╭─ Extracted records

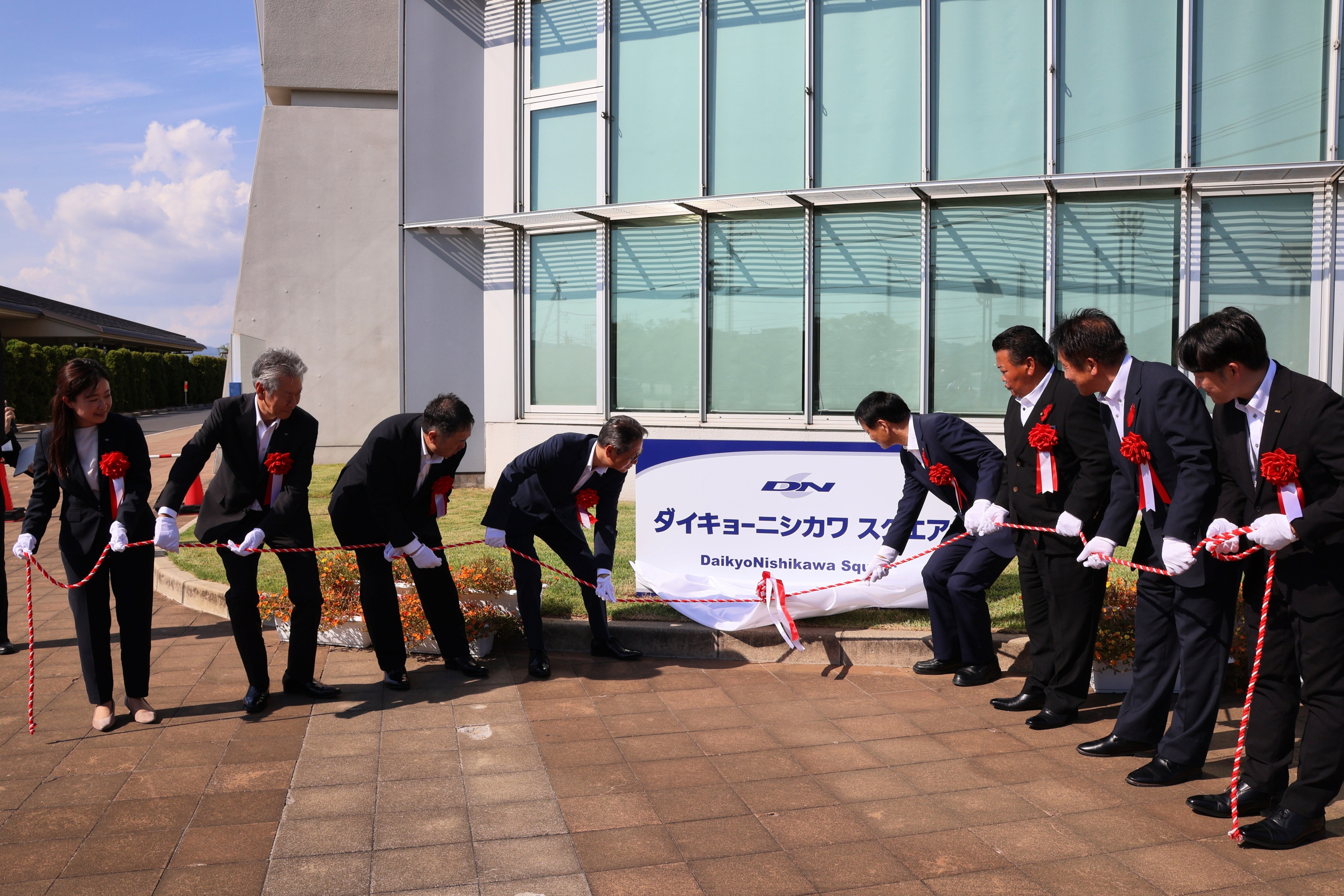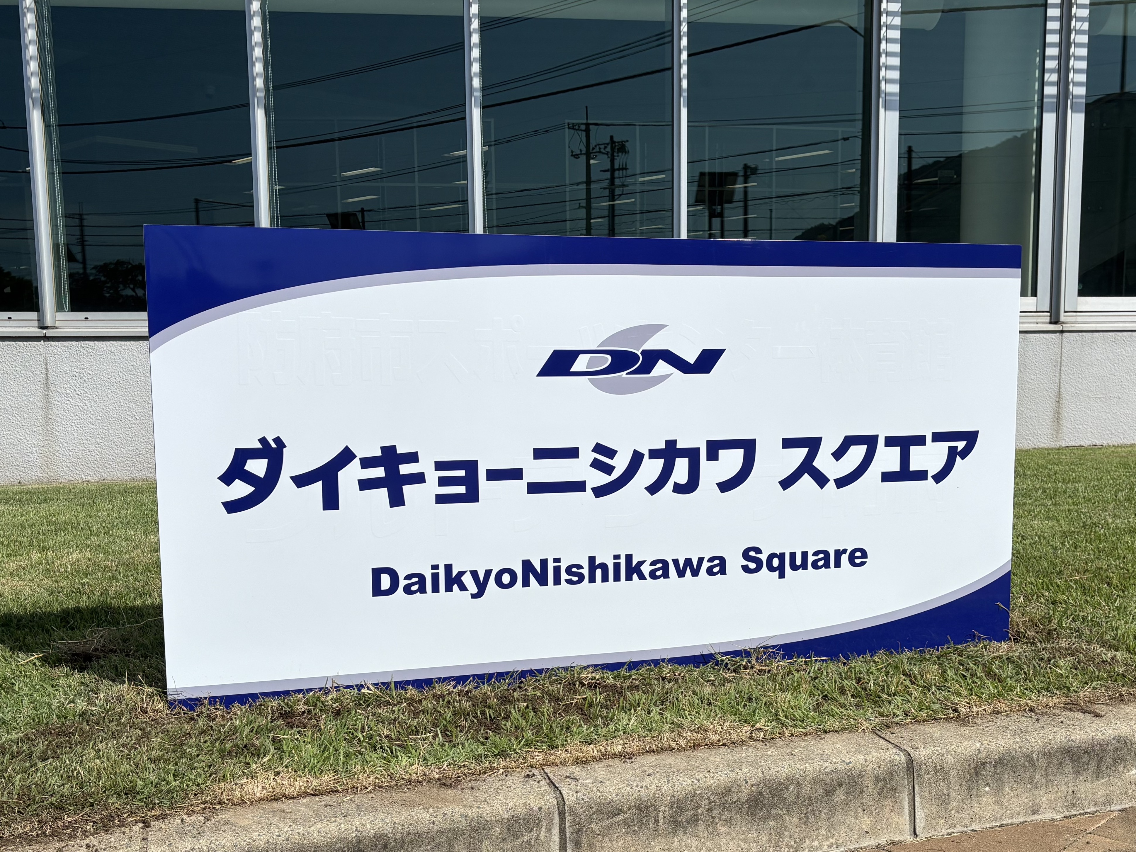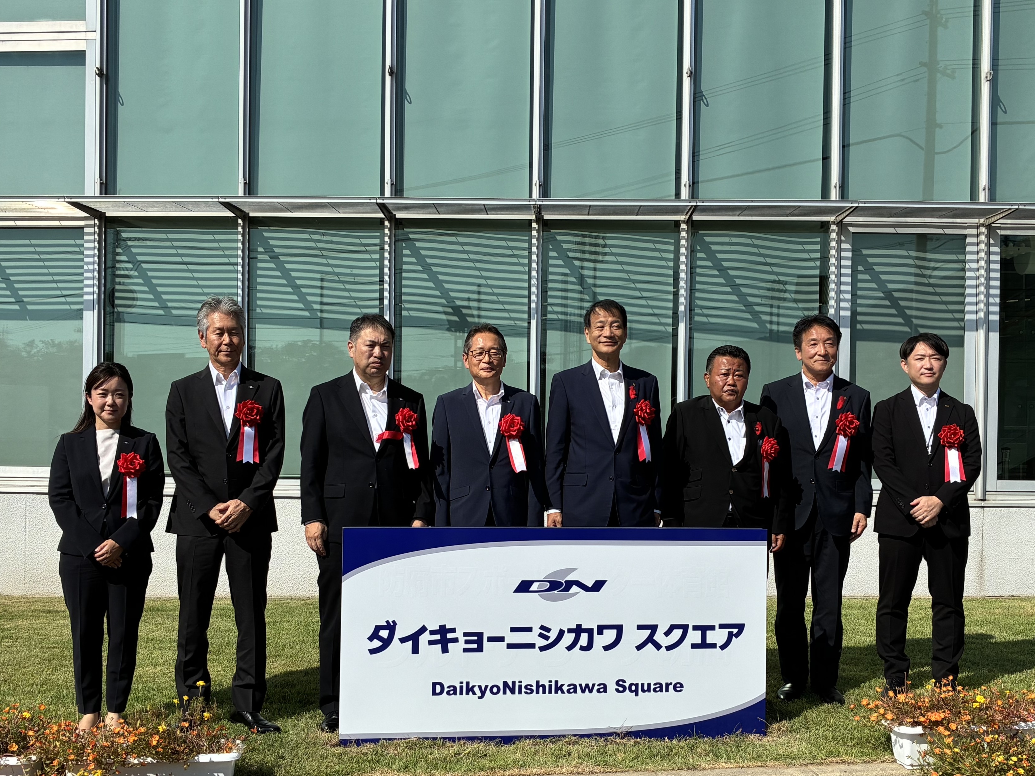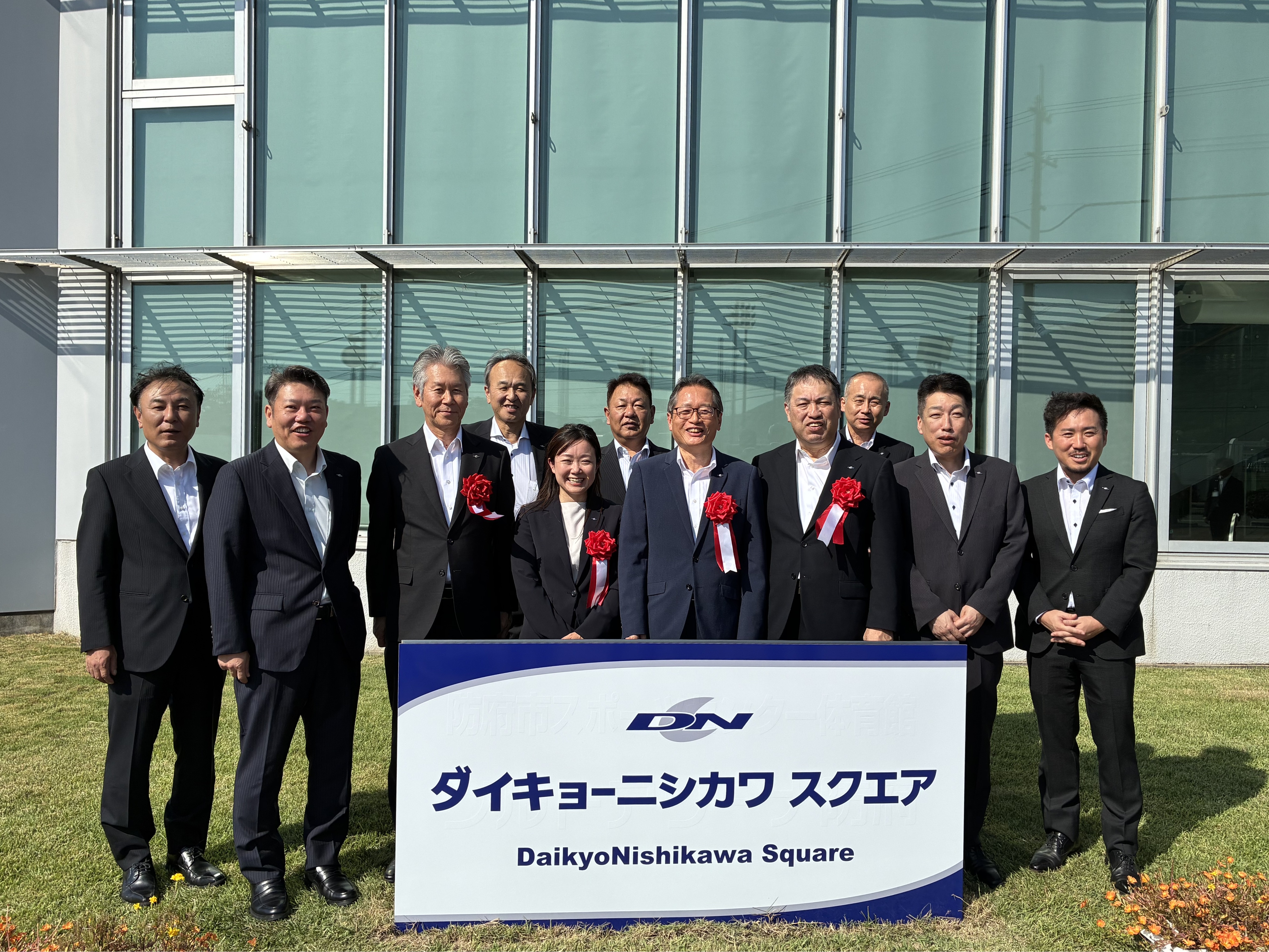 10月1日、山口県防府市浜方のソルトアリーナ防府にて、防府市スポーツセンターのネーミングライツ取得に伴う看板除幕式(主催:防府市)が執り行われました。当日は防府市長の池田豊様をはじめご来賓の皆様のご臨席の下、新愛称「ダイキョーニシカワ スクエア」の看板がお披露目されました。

╰─
╭─ Extracted records

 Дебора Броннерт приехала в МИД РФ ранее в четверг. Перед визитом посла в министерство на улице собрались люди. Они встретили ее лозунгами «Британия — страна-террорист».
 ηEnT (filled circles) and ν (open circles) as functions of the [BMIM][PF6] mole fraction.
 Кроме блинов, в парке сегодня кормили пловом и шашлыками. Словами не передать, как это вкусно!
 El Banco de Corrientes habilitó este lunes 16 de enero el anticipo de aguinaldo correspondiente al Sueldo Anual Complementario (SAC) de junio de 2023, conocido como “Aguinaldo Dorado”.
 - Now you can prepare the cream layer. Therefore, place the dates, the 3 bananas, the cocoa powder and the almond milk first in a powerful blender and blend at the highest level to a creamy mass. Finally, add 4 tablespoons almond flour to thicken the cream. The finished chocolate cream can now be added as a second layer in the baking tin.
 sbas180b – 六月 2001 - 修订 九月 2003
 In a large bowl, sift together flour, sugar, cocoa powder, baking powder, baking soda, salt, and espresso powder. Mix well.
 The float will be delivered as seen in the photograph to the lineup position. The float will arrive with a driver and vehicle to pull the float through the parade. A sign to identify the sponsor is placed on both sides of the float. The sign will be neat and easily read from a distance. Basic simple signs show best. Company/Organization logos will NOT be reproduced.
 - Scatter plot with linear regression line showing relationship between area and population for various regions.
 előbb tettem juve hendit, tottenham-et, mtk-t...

╰─
╭─ Extracted records

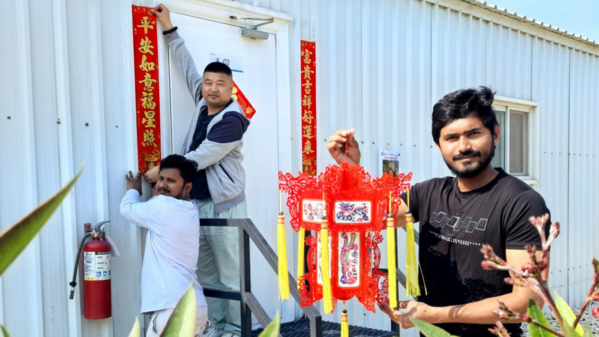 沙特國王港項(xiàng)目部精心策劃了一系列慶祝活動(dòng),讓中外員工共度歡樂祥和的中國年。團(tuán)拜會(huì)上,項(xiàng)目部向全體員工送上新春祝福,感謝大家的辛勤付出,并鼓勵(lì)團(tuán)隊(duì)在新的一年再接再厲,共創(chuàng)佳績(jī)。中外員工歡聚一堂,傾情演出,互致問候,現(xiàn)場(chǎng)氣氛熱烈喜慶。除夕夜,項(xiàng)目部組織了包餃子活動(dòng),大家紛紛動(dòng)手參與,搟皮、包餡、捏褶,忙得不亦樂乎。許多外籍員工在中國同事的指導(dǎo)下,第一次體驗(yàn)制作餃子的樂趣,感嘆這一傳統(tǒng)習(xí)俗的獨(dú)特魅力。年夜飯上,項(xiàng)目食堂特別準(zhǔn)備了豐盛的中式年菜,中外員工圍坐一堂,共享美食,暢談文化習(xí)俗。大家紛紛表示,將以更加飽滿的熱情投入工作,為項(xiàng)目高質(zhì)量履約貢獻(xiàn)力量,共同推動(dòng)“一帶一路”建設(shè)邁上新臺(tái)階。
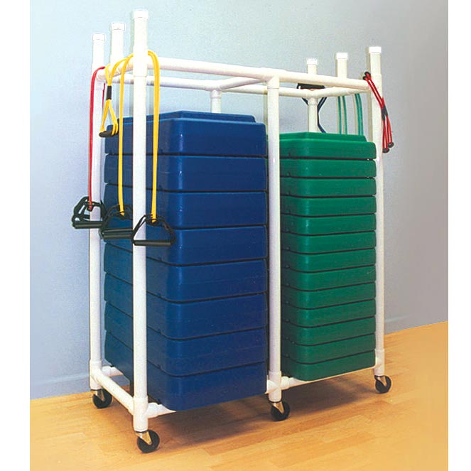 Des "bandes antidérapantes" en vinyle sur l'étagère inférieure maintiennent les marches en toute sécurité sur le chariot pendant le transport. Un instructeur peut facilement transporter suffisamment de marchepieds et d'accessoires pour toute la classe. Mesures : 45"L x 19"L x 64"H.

╰─

:: Exercise description ::
Of the entries listed above, reproduce only the lines starting at the line containing "ηEnT (filled circles)" and ending at the line containing "El Banco de". Include both, exactly as they stand.

:: The completed task ::
 ηEnT (filled circles) and ν (open circles) as functions of the [BMIM][PF6] mole fraction.
 Кроме блинов, в парке сегодня кормили пловом и шашлыками. Словами не передать, как это вкусно!
 El Banco de Corrientes habilitó este lunes 16 de enero el anticipo de aguinaldo correspondiente al Sueldo Anual Complementario (SAC) de junio de 2023, conocido como “Aguinaldo Dorado”.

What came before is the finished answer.